Chiara Scanarotti, Stefania Vernazza, Massimiliano Brignone, Jenia Danailova, Maria A.
Pronzato and Anna M. Bassi

The presence of waste in the environment has frequently been indicated as a significant risk to human health. Therefore, landfill sites and the disposal of urban solid and non-hazardous waste by incineration are subject to much environmental monitoring, in addition to the regulations already in place.
However, little action has been taken, and consequently no specific legislation exists, in relation to the assessment of the real biological risk of various substances, including chemical mixtures and ashes, derived from the incineration processes. This study assessed the cytotoxic potential of humid lightweight coal ash (LA) derived from incineration processes and waste management, on two cell lines: NCTC 2544 normal human keratinocytes and HECV endothelial cells. To reach this goal and to assess more-realistic methods for animal replacement, we employed different in vitro experimental approaches: acute and longer exposure to LA, by direct and indirect contact (0–2mg/ml and 16mg, respectively), both in 2-D and 3-D cultures.
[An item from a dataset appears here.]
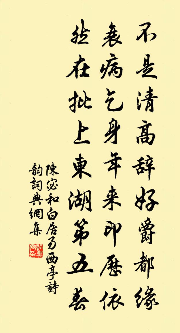 詩詞名句歷史字典書法欣賞書法字典國語詞典說文解字康熙字典古漢語字典標 題 作 者 詩 句 和白居易西亭詩韻作者:陳宓 朝代:宋代和白居易西亭詩韻原文不是清高辭好爵,都緣衰病乞身。年來印歷依然在,批上東湖第五春。詩詞問答問:和白居易西亭詩韻的作者是誰?答:陳宓問:和白居易西亭詩韻寫於哪個朝代?答:宋代陳宓和白居易西亭詩韻書法欣賞和白居易西亭詩韻書法作品詩詞推薦上丞相壽戴栩〔宋代〕赤墀黃閣自從容,人詠元和第一功。萬象曉歸仁壽鏡,旌旗初下玉關東。郴江百詠並序東山寺阮閱〔宋代〕竹外長橋過水西,林中鐘磬舊禪扉。筇迎殘月僧包去,帆背斜陽客艇歸。菩薩蠻·南園滿地堆輕絮溫庭筠〔唐代〕南園滿地堆輕絮,愁聞一霎清明雨。雨後卻斜陽,杏花零落香。無言勻睡臉,枕上屏山掩。時節慾黃昏,無□獨倚次韻趙帥四首陳造〔宋代〕舟子喧呼解纜忙,駝裘答颯冷禁霜。行分槁項新岐路,心屬毛錐舊戰場。談笑慣陪北海酒,馥膏擬炷後山香。詩筒家釀新熟每嘗輒醉妻侄等勸令少飲因成長句以白居易〔唐代〕君應怪我朝朝飲,不說向君君不知。身上幸無疼痛處,瓮頭正是撇嘗時。劉妻勸諫夫休醉,王侄分疏叔不痴。六十出都來陳,所乘船上有題小詩八首,不知何人蘇軾〔宋代〕潁水非漢水,亦作蒲萄綠。恨無襄陽兒,令唱銅鞮曲。過羊腸嶺華岳〔宋代〕拂面東風吹夕陽,路蟠千折過羊腸。山疑隨馬回回見,花欲撩人故故香。世路與誰分曲直,人情於我自炎涼。何當瓜洲驛奉餞張侍御公拜膳部郎中卻復憲台充賀…淮南幕府劉長卿〔唐代〕太華高標峻,青陽淑氣盤。屬辭傾渤澥,稱價掩琅玕。楊葉頻推中,芸香早拜官。後來慚轍跡,先達仰門闌。佐劇書河上亭壁寇準〔宋代〕岸闊檣稀波渺茫,獨憑危檻思何長。蕭蕭遠樹疏林外,一半秋山帶夕陽。失調名仲殊〔宋代〕椒觴獻壽瑤觴滿。采幡兒、輕輕剪。讀杜詩文天祥〔宋代〕平生蹤跡只奔波,偏是文章被折磨。耳想杜鵑心事苦,眼看胡馬淚痕多。千年夔峽有詩在,一夜耒江如酒何,黃土大雪登越州城樓劉過〔宋代〕北風吹雪天盡頭,蘇州未了來越州。越人夜乘剡溪舟,烏喙還念棲山不。吳人哉酒登虎丘,窈窕萬舞雜沮謳。迤儷上知府大同王太尉六首魏野〔宋代〕子細曾看九老圖,科名官職盡難如。更思呂望同君歲,猶自磻溪坐釣魚。菩薩蠻盧祖皋〔宋代〕燭房花幌參差見。疏簾鎮日縈愁眼。巫峽小山屏。夢雲猶未成。帶霜邊雁落。雙字宮羅薄。二十四闌乾。夜來相對金縷曲·姜西溟言別賦此贈之納蘭性德〔清代〕誰復留君住。嘆人生、幾翻離合,便成遲暮。最憶西窗同剪燭,卻話家山夜雨。不道只、暫時相聚。袞袞長江蕭蕭朝中措 張允濟子滿啐蒲道源〔元代〕熊罷佳兆應神簽。何必夢中占。看取隆顱犀角,不愁長守齊鹽。今朝滿*,諸般排比,筆墨先拈。休道添丁無用,惜竹孔武仲〔宋代〕老蘚牆陰夕照間,何人折我翠琅玕。即茲綠葉隨塵化,猶有低枝帶露殘。不放雲梢侵霰雪,因嗟世故足波瀾。故園和沈次韓歷陽歸來見寄王之道〔宋代〕臘近梅爭白,冬溫柳漸黃。強吟詩思澀,幽步野情步。別去嗟何闊,歸來肯遽忘。開緘得佳句,和氣溢寒鄉。貢舉人謁先師聞雅樂呂炅〔唐代〕禮聖來群彥,觀光在此時。聞歌音乍遠,合樂和還遲。調朗能諧竹,聲微又契絲。輕泠流簨簴,繚繞動纓緌。九變夜思陸游〔宋代〕露泣啼螿草,潮聲宿雁汀。經年寄孤舫,終夜托丘亭。楚澤無窮白,巴山何處青?四方男子事,不敢恨飄零。名句推薦一味學吃虧,是處事良方。王永彬《圍爐夜話·第五四則》 山中一夜雨,樹杪百重泉。王維《送梓州李使君》 千呼萬喚始出來,猶抱琵琶半遮面。白居易《琵琶行 / 琵琶引》 垂下簾櫳。雙燕歸來細雨中。歐陽修《採桑子·群芳過後西湖好》 影孤憐夜永。永夜憐孤影。蘇軾《菩薩蠻·回文秋閨怨》 才有淺深,無有古今;文有偽真,無有故新。王充《論衡·卷二十九·案書篇》 瑤池阿母綺窗開,黃竹歌聲動地哀李商隱《瑤池》 日下壁而沉彩,月上軒而飛光。江淹《別賦》 浮生只合尊前老。雪滿長安道。舒亶《虞美人·寄公度》 只在此山中,雲深不知處。賈島《尋隱者不遇 / 孫革訪羊尊師詩》

In 2-D HECV cultures, we observed a decrease in the viability index, but only during direct contact with LA doses higher than 0.1mg/ml. Moreover, some striking differences in cytotoxicity were observed between the 2-D and 3-D models. Taken together, these observations indicate that, for studying pollutant toxicity during longer exposure times, 3-D cultures in direct contact with the pollutant seem to offer a more suitable approach — they mimic the in vivo behaviour of cells more realistically and under strictly controlled conditions. Thus, in readiness for possible forthcoming European regulations, we believe that the proposed study, even in its preliminary phase, can provide new advice on the assessment of the toxic and biological potential of particular chemical compounds derived from waste management processes.